Print out the full material below, exact in every line, with no images included.

DATASET EXCERPT>

■ ■ ■ ■ ■ ■ ■

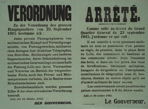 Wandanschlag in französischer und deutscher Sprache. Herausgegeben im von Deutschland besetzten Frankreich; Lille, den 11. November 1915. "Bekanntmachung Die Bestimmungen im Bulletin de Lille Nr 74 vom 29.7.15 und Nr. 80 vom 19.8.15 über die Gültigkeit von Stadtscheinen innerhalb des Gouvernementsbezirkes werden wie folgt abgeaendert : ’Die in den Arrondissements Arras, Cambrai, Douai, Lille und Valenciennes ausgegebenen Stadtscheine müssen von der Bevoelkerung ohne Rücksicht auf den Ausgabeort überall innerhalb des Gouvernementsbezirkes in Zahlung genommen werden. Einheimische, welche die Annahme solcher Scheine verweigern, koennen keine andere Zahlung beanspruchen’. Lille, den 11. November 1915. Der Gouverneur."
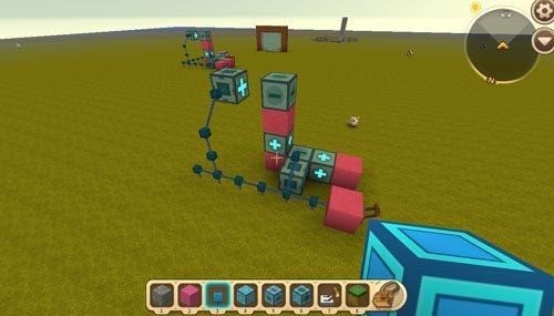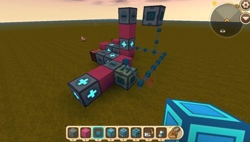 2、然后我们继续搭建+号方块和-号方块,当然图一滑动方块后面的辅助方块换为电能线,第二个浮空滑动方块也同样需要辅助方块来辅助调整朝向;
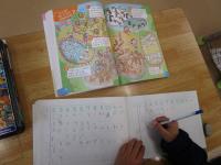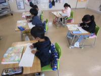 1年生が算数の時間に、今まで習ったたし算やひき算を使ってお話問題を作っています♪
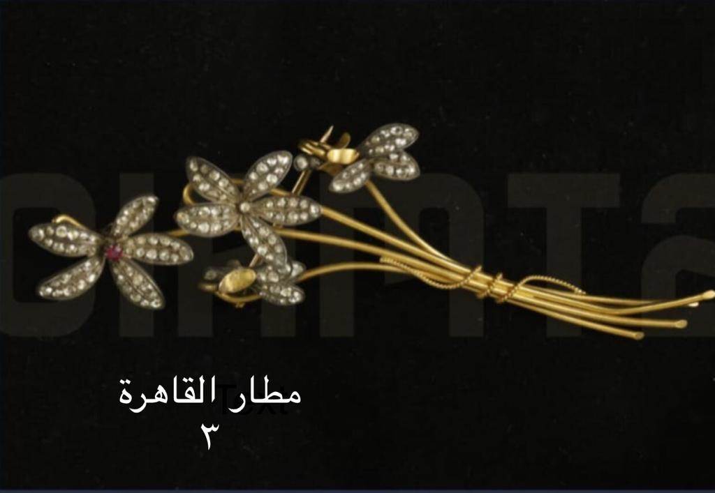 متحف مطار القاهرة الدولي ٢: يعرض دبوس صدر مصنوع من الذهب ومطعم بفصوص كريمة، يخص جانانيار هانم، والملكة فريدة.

■ ■ ■ ■ ■ ■ ■

ANSWER FOR THIS EXERCISE>
 Wandanschlag in französischer und deutscher Sprache. Herausgegeben im von Deutschland besetzten Frankreich; Lille, den 11. November 1915. "Bekanntmachung Die Bestimmungen im Bulletin de Lille Nr 74 vom 29.7.15 und Nr. 80 vom 19.8.15 über die Gültigkeit von Stadtscheinen innerhalb des Gouvernementsbezirkes werden wie folgt abgeaendert : ’Die in den Arrondissements Arras, Cambrai, Douai, Lille und Valenciennes ausgegebenen Stadtscheine müssen von der Bevoelkerung ohne Rücksicht auf den Ausgabeort überall innerhalb des Gouvernementsbezirkes in Zahlung genommen werden. Einheimische, welche die Annahme solcher Scheine verweigern, koennen keine andere Zahlung beanspruchen’. Lille, den 11. November 1915. Der Gouverneur."
 2、然后我们继续搭建+号方块和-号方块,当然图一滑动方块后面的辅助方块换为电能线,第二个浮空滑动方块也同样需要辅助方块来辅助调整朝向;
 1年生が算数の時間に、今まで習ったたし算やひき算を使ってお話問題を作っています♪
 متحف مطار القاهرة الدولي ٢: يعرض دبوس صدر مصنوع من الذهب ومطعم بفصوص كريمة، يخص جانانيار هانم، والملكة فريدة.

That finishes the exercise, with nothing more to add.